Tampa, Fla. – SES has underlined plans for a more streamlined board of directors, but one of the largest shareholders of the satellite operator says that changes do not go far between growing competition in the space industry.
The Luxembourg -based company said it has decided to reduce its board from 11 to nine members, proposing two new directors with a comprehensive US national security and defense leadership experience:
- Ellen Lord, former Secretary of Defense for the acquisition and continuity of the Department of Defense of the United States.
- John Shaw, former Deputy Commander of US Space Force and the first commander and joint forces of the USSF Space Operations Command.
These appointments will help the SES “effectively navigate this rapidly changing landscape,” the company said, and will be placed on one vote in its next annual shareholder meeting on 3 April.
After the hedge fund Apploosa was called for the overhaul of its share capital and board structure, SES also discontinued a director’s discovery with the experience of capital markets.
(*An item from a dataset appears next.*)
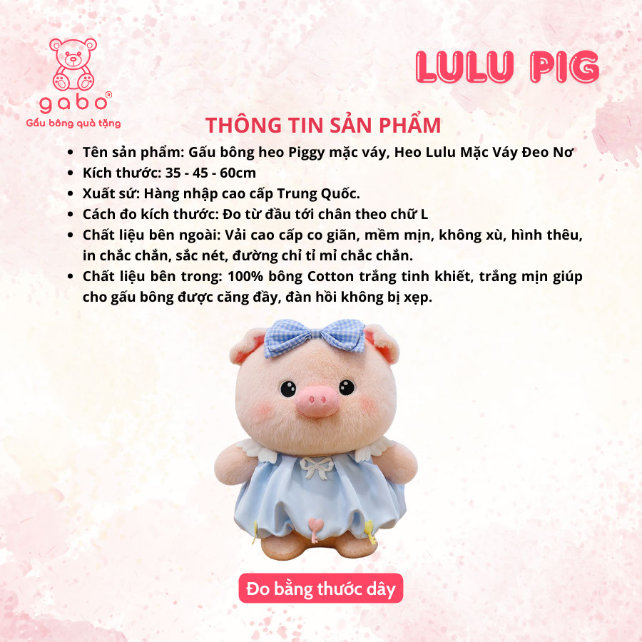 – Tên sản phẩm: Gấᴜ Bông Heo Hồng Piggy Mặc Váy, Heo Lulu Mặc Váy Đeo Nơ Công Chúa, Thú Nhồi Bông Heo Váy Babydoll Lông xù Mềm Mịn

Appaloosa SES has more than 7% of the economic interests of SES and an uniform stake in Intelsat, receiving the SES $ 3.1 billion.
While SES stated that it was recommending its rejection to shareholders in one vote – the operator rejected other proposals from the hedge funds, such as reducing state control – to distribute capital to shareholders in one vote – to distribute capital to shareholders in one vote.
Appaloosa said in a statement, “The SES board has the initial steps to modernize its structure long and only shareholders have come after pressure.”
“However, too much can, and must be done, should be done – is clear from the aging of the board with more and more urgency.”
Appaloosa urged other shareholders to vote in favor of their plan to return additional cash flow to the annual shareholders annually.
The SES stated that it attacks a healthy balance between the return of capital for shareholders and maintaining flexibility for development investment, warning that Applosa’s proposal could threaten its investment-grade credit rating.
The Luxembourg has been an anchor shareholder since the establishment of the company, SES noted, and the government’s special class B shares cannot be taken by the vote of other shareholders.
“In any event, the SES considers the Luxembourg government to be a valuable shareholder and stakeholder in the company and the Luxembourg government confirmed its strong support for the company on several occasions,” SES said.
The SES said that the government is unable to appoint more than one third of its total board directors, which can prevent the company’s development strategy from determining or interrupted.
Appaloosa had asked SES to remove its entire board and replace it with a small number of directors, which SES said would be chaotic and unnecessary.